- **Problem**: Once the images are removed, repeat all of the entries exactly.

---- Input data

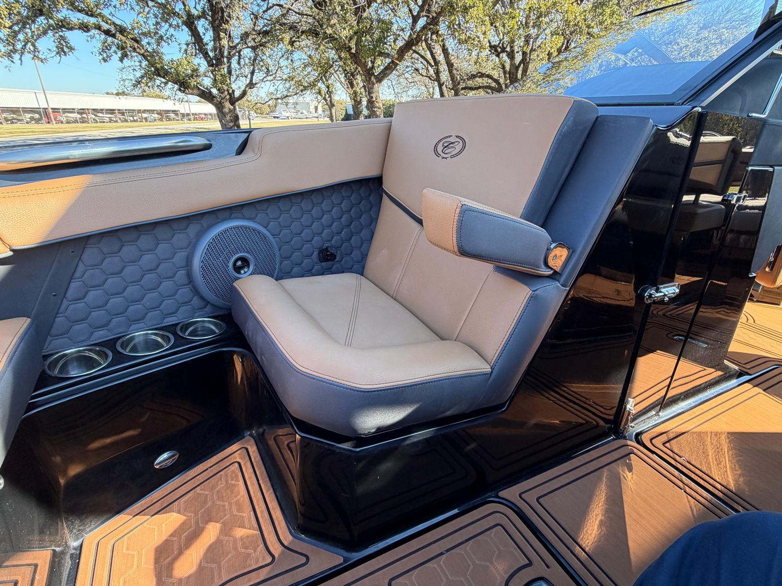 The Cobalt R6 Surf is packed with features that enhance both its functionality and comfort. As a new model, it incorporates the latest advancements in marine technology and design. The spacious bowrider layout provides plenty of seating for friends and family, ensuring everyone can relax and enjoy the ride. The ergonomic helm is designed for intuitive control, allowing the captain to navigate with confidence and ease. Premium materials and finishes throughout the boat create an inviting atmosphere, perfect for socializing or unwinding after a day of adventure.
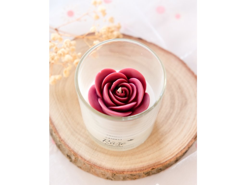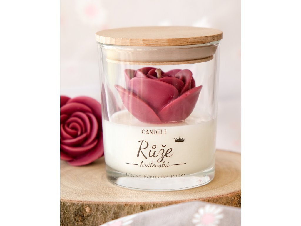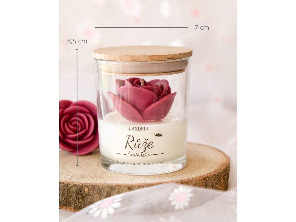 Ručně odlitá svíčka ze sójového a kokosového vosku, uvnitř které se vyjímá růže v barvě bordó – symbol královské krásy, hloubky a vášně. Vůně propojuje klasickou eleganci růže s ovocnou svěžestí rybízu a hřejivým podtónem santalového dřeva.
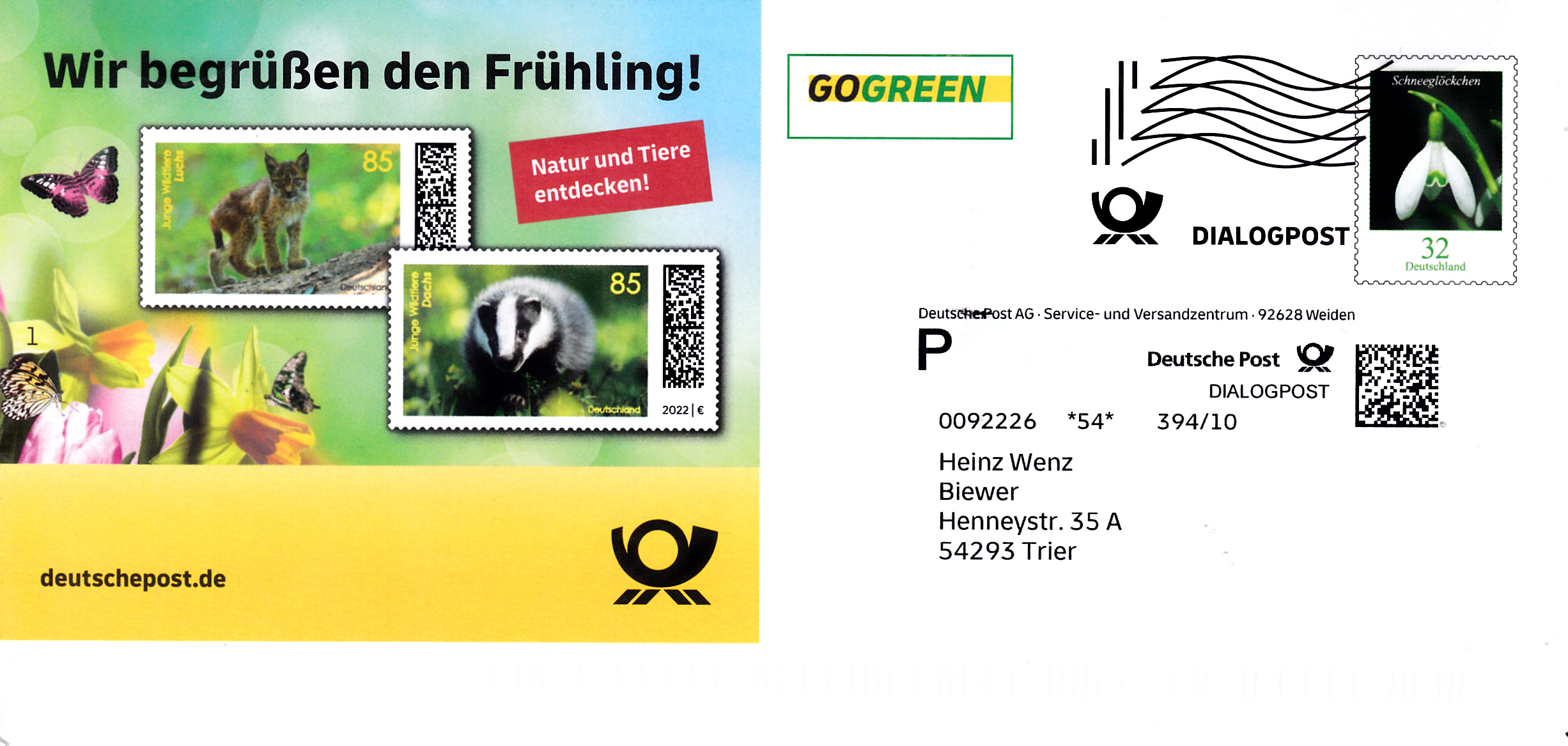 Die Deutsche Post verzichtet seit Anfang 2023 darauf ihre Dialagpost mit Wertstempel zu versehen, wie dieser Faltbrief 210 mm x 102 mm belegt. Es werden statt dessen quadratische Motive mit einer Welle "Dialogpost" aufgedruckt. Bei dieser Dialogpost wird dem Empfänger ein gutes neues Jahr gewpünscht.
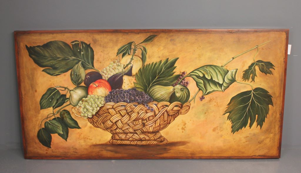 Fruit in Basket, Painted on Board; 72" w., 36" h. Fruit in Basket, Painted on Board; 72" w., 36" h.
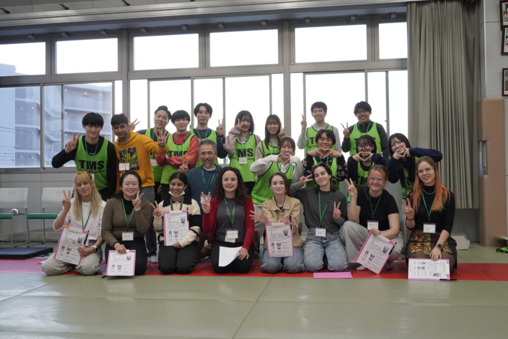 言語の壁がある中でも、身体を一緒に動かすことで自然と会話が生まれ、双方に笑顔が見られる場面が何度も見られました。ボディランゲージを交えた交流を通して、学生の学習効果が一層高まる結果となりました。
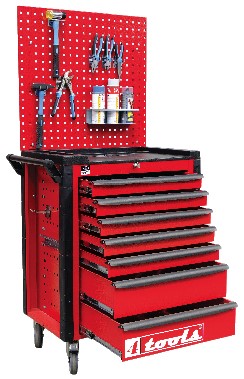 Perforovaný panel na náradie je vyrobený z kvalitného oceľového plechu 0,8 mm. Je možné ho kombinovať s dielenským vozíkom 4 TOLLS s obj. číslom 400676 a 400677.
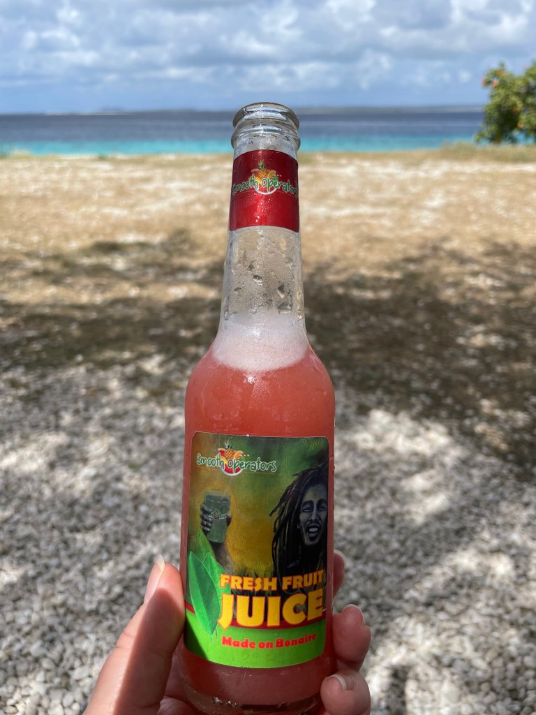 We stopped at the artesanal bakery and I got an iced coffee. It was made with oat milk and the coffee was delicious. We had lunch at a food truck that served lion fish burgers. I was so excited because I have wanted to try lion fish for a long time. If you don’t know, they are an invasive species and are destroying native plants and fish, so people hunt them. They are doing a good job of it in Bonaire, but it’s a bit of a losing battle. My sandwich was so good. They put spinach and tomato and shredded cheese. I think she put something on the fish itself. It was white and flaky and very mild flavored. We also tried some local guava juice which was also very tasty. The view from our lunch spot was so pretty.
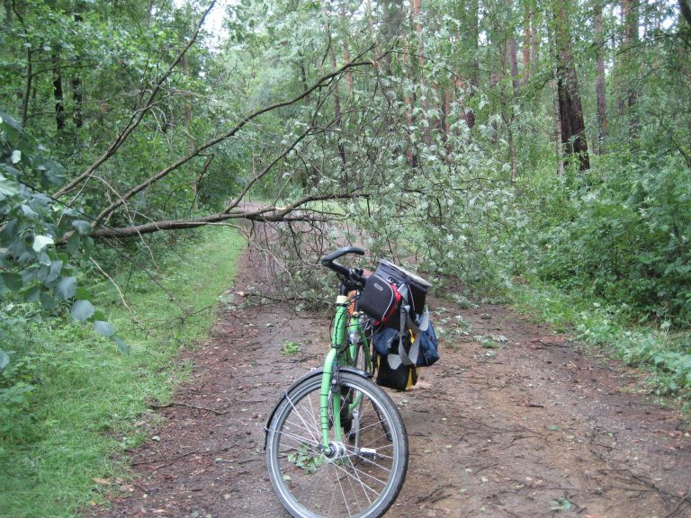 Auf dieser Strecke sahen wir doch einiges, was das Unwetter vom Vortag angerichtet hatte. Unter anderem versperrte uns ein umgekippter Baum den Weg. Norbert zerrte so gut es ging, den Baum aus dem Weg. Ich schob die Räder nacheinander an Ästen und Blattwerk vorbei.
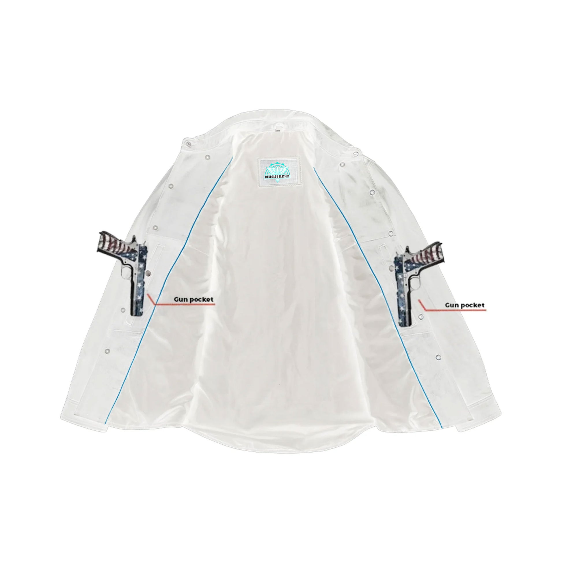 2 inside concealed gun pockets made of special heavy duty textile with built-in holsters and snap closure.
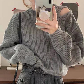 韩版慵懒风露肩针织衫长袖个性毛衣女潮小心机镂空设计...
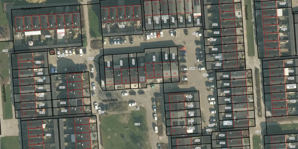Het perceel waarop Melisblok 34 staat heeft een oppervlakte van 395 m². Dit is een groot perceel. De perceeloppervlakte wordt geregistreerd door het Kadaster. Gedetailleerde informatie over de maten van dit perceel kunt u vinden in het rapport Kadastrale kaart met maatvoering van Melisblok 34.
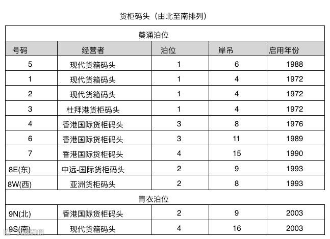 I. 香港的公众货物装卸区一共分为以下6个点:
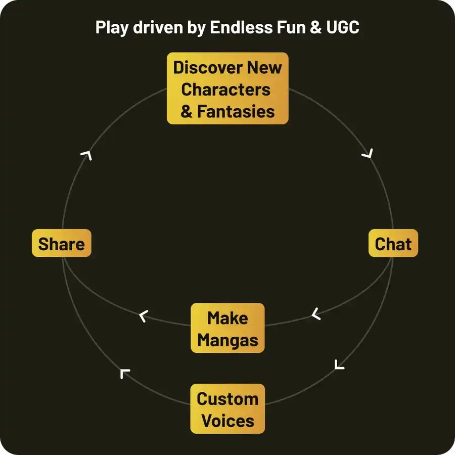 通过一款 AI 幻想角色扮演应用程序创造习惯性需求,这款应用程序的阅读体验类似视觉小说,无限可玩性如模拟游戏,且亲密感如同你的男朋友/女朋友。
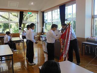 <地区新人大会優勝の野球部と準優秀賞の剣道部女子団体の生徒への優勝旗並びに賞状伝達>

--------

- **Problem solution**:
 The Cobalt R6 Surf is packed with features that enhance both its functionality and comfort. As a new model, it incorporates the latest advancements in marine technology and design. The spacious bowrider layout provides plenty of seating for friends and family, ensuring everyone can relax and enjoy the ride. The ergonomic helm is designed for intuitive control, allowing the captain to navigate with confidence and ease. Premium materials and finishes throughout the boat create an inviting atmosphere, perfect for socializing or unwinding after a day of adventure.
 Ručně odlitá svíčka ze sójového a kokosového vosku, uvnitř které se vyjímá růže v barvě bordó – symbol královské krásy, hloubky a vášně. Vůně propojuje klasickou eleganci růže s ovocnou svěžestí rybízu a hřejivým podtónem santalového dřeva.
 Die Deutsche Post verzichtet seit Anfang 2023 darauf ihre Dialagpost mit Wertstempel zu versehen, wie dieser Faltbrief 210 mm x 102 mm belegt. Es werden statt dessen quadratische Motive mit einer Welle "Dialogpost" aufgedruckt. Bei dieser Dialogpost wird dem Empfänger ein gutes neues Jahr gewpünscht.
 Fruit in Basket, Painted on Board; 72" w., 36" h. Fruit in Basket, Painted on Board; 72" w., 36" h.
 言語の壁がある中でも、身体を一緒に動かすことで自然と会話が生まれ、双方に笑顔が見られる場面が何度も見られました。ボディランゲージを交えた交流を通して、学生の学習効果が一層高まる結果となりました。
 Perforovaný panel na náradie je vyrobený z kvalitného oceľového plechu 0,8 mm. Je možné ho kombinovať s dielenským vozíkom 4 TOLLS s obj. číslom 400676 a 400677.
 We stopped at the artesanal bakery and I got an iced coffee. It was made with oat milk and the coffee was delicious. We had lunch at a food truck that served lion fish burgers. I was so excited because I have wanted to try lion fish for a long time. If you don’t know, they are an invasive species and are destroying native plants and fish, so people hunt them. They are doing a good job of it in Bonaire, but it’s a bit of a losing battle. My sandwich was so good. They put spinach and tomato and shredded cheese. I think she put something on the fish itself. It was white and flaky and very mild flavored. We also tried some local guava juice which was also very tasty. The view from our lunch spot was so pretty.
 Auf dieser Strecke sahen wir doch einiges, was das Unwetter vom Vortag angerichtet hatte. Unter anderem versperrte uns ein umgekippter Baum den Weg. Norbert zerrte so gut es ging, den Baum aus dem Weg. Ich schob die Räder nacheinander an Ästen und Blattwerk vorbei.
 2 inside concealed gun pockets made of special heavy duty textile with built-in holsters and snap closure.
 韩版慵懒风露肩针织衫长袖个性毛衣女潮小心机镂空设计...
Het perceel waarop Melisblok 34 staat heeft een oppervlakte van 395 m². Dit is een groot perceel. De perceeloppervlakte wordt geregistreerd door het Kadaster. Gedetailleerde informatie over de maten van dit perceel kunt u vinden in het rapport Kadastrale kaart met maatvoering van Melisblok 34.
 I. 香港的公众货物装卸区一共分为以下6个点:
 通过一款 AI 幻想角色扮演应用程序创造习惯性需求,这款应用程序的阅读体验类似视觉小说,无限可玩性如模拟游戏,且亲密感如同你的男朋友/女朋友。
 <地区新人大会優勝の野球部と準優秀賞の剣道部女子団体の生徒への優勝旗並びに賞状伝達>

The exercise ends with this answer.